What this task involves — Write out the listing from the line with "Uit de serie" to the line with "체스판 표면 마감은 고광택", both lines included, exactly and nothing beyond. Leave pictures out.
+++ Data for this exercise
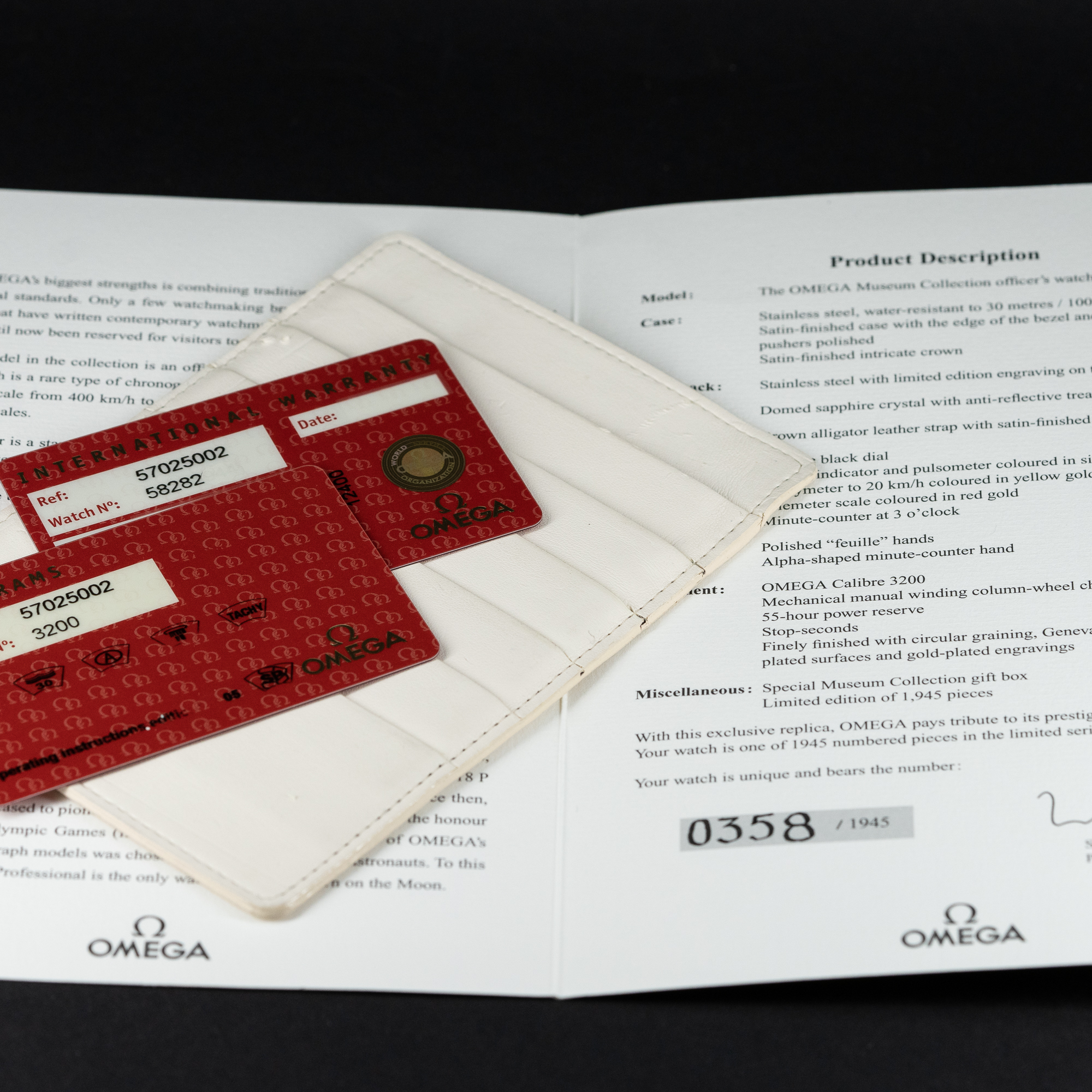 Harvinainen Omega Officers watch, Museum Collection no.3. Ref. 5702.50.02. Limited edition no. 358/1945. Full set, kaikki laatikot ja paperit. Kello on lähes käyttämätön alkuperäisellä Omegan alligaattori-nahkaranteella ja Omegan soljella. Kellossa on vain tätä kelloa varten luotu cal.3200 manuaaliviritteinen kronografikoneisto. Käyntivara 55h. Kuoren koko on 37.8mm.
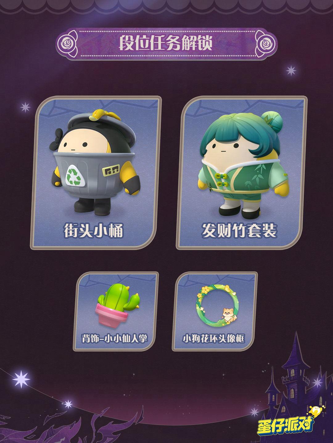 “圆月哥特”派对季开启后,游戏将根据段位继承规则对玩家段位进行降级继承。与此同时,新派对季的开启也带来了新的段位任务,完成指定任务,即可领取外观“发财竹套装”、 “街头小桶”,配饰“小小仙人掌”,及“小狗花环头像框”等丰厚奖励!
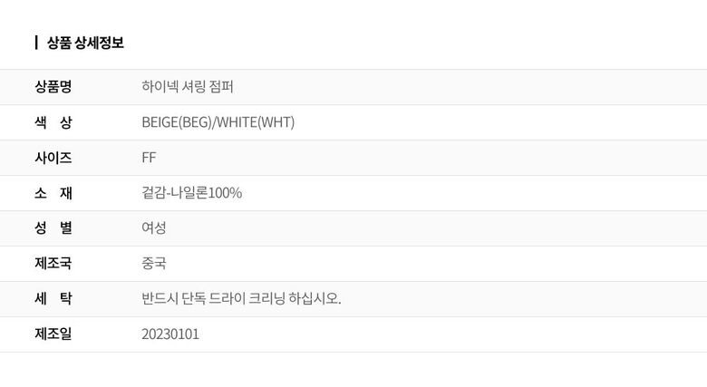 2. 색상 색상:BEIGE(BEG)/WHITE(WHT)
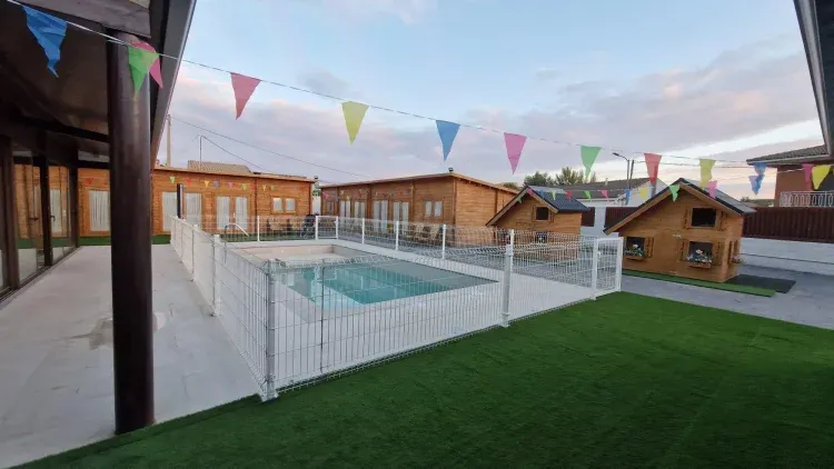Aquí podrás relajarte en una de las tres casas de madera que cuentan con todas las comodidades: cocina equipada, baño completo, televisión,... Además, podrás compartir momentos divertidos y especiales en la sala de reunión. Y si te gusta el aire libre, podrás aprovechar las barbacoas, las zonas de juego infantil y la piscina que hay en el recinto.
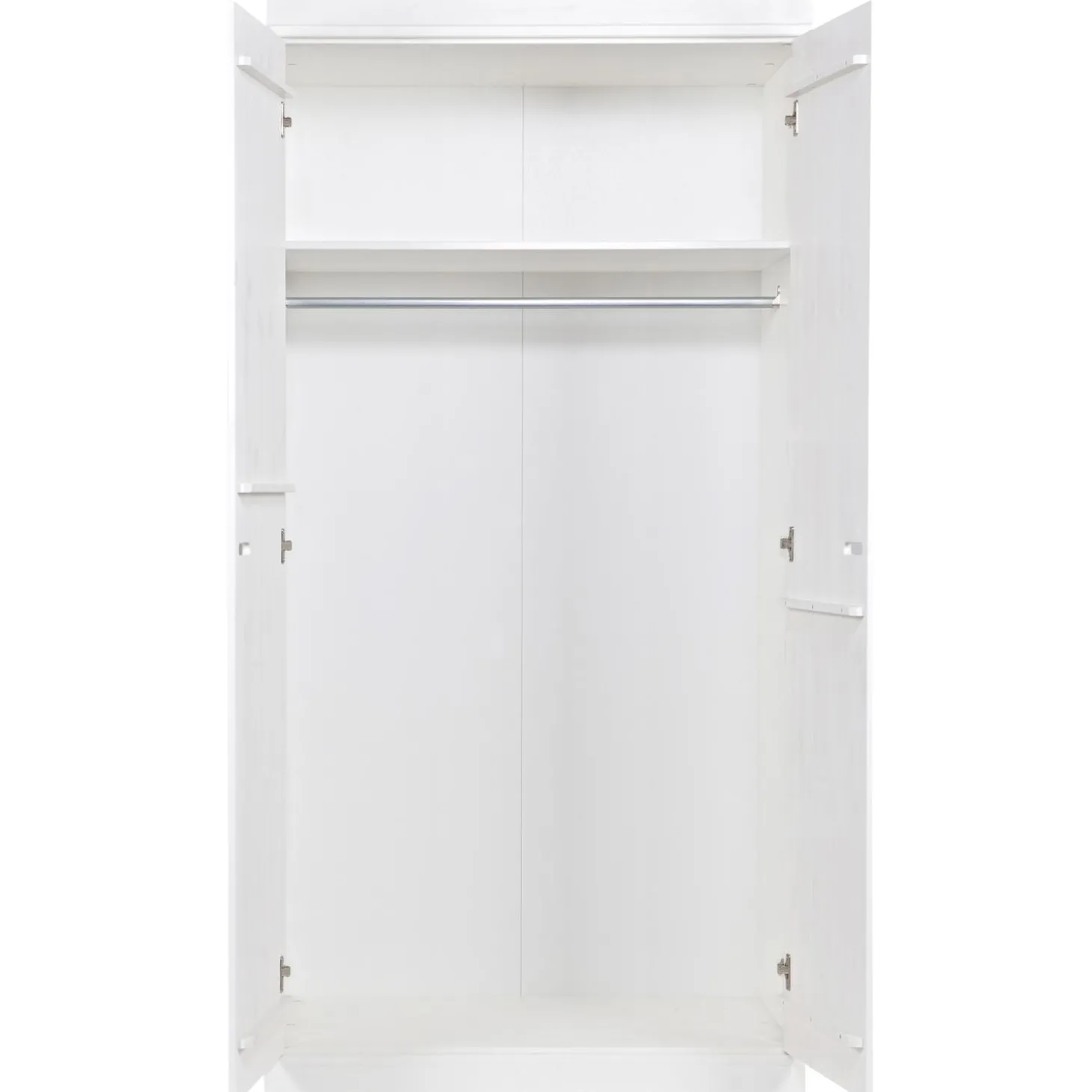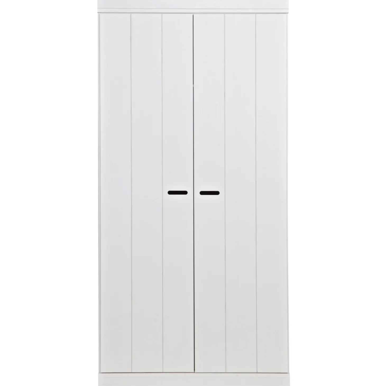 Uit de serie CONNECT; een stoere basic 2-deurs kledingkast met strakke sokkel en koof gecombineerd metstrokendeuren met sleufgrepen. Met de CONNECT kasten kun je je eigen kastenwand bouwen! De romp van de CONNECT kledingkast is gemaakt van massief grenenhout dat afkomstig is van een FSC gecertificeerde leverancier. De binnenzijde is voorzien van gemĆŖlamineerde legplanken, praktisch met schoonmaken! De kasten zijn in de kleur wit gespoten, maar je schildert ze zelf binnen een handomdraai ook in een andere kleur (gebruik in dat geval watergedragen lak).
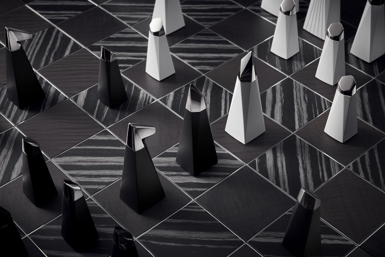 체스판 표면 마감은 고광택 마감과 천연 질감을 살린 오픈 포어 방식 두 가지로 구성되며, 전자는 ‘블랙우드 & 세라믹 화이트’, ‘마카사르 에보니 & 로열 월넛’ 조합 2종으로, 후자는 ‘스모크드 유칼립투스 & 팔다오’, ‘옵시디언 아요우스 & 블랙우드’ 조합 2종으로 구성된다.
++++++
+++ Data for this exercise
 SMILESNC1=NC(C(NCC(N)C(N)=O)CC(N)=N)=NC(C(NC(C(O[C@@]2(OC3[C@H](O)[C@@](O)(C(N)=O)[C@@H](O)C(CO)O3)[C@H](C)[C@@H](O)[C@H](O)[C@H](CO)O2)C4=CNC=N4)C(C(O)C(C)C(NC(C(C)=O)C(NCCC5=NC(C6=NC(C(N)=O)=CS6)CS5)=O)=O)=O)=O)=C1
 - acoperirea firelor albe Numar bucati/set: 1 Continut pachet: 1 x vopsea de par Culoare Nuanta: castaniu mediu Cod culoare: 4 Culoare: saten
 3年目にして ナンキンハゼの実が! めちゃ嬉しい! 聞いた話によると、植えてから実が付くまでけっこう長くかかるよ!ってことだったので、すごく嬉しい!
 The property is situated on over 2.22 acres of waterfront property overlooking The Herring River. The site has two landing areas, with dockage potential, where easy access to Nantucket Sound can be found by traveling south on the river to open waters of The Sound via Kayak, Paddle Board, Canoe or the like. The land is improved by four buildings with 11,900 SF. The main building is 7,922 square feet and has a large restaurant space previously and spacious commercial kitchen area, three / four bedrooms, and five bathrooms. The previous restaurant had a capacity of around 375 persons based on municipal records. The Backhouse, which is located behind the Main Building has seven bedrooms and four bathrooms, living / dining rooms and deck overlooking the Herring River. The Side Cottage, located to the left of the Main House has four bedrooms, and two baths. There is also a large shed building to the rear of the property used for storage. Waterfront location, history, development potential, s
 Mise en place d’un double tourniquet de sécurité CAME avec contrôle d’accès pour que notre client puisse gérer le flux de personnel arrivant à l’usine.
++++++
Reply —
 Uit de serie CONNECT; een stoere basic 2-deurs kledingkast met strakke sokkel en koof gecombineerd metstrokendeuren met sleufgrepen. Met de CONNECT kasten kun je je eigen kastenwand bouwen! De romp van de CONNECT kledingkast is gemaakt van massief grenenhout dat afkomstig is van een FSC gecertificeerde leverancier. De binnenzijde is voorzien van gemĆŖlamineerde legplanken, praktisch met schoonmaken! De kasten zijn in de kleur wit gespoten, maar je schildert ze zelf binnen een handomdraai ook in een andere kleur (gebruik in dat geval watergedragen lak).
 체스판 표면 마감은 고광택 마감과 천연 질감을 살린 오픈 포어 방식 두 가지로 구성되며, 전자는 ‘블랙우드 & 세라믹 화이트’, ‘마카사르 에보니 & 로열 월넛’ 조합 2종으로, 후자는 ‘스모크드 유칼립투스 & 팔다오’, ‘옵시디언 아요우스 & 블랙우드’ 조합 2종으로 구성된다.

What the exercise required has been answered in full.